Intel hasdevelopments related to the project aimed at creating a machine learning system for improving code quality. The toolkit prepared by the project allows, based on a model trained on a large amount of existing code, to identify various errors and anomalies in source texts written in high-level languages such as C / C ++. The system is suitable for detecting various kinds of problems in your code, from detecting typos and incorrect combinations of types, to identifying missing checks for null values in pointers and problems with memory. The ControlFlag code is written in C ++ and is source under the MIT license.
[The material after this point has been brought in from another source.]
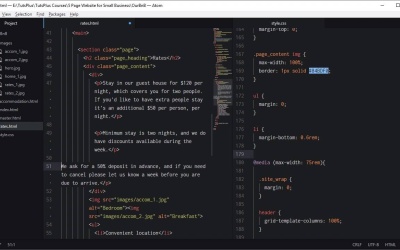 Hello, and welcome back to Build a Classic Five Page Website. In the last lesson, we coded up the accomodation page, which we have on screen here. And in this lesson, we're going to take this page, duplicate it, make a couple of edits, and hey presto, it's gonna turn into the right page. All right, let's go ahead and do that. So we will right-click on the combination page, duplicate it and then you file rate.html. Now this is probably gonna be the quickest of all the pages that we create, cuz there's only a couple of things we have to do. First up we'll take the active class of the combination link and put it onto the rates link. Then change the heading so that it reads rates. Now, we just need to carry over the content from our rates page mock up. So we've got a few paragraphs here. Copy all of that text, gonna add it in here. And we're just gonna need to add an extra couple of paragraph tags. So that each one of these paragraphs is individually wrapped. And you see how we've got these individual paragraph tags here. That's why we added this empty div in here before. If we didn't, then each one of these paragraphs would be turned into a grid cell and we don't want that. We want this to be treated as the grid cell, so that was the reason for that. Now we'll add in our different images. We've got rates_1 and rates_2. And then we've got a different set of list items. So you'll just do the same thing as you did before, add in the list items. I'll just copy and paste those in. And that's it. Just like that. And we're gonna hit the rates link. And there we go. Super straight forward and super quick. So if you get the chance with a site like this, that is static, try to make it as easy on yourself as possible and reuse elements wherever you can. That can also help with the process of coming back and doing any manual updates later if you need to. And again, of course, because we're using the exact same code as on our other pages, the responsiveness is already completely taken care of. Now we've only got two more pages to code up. And the next one that we're gonna tackle out of those is the Guest Comments page. So we're gonna to that in the next lesson. I"ll see you there.

The system self-learns by building a statistical model of the existing array of open source code published on GitHub and similar public repositories. At the training stage, the system determines typical templates for constructing structures in the code and builds a syntax tree of connections between these templates, reflecting the flow of code execution in the program. As a result, a reference decision tree is formed, which combines the development experience of all analyzed source texts.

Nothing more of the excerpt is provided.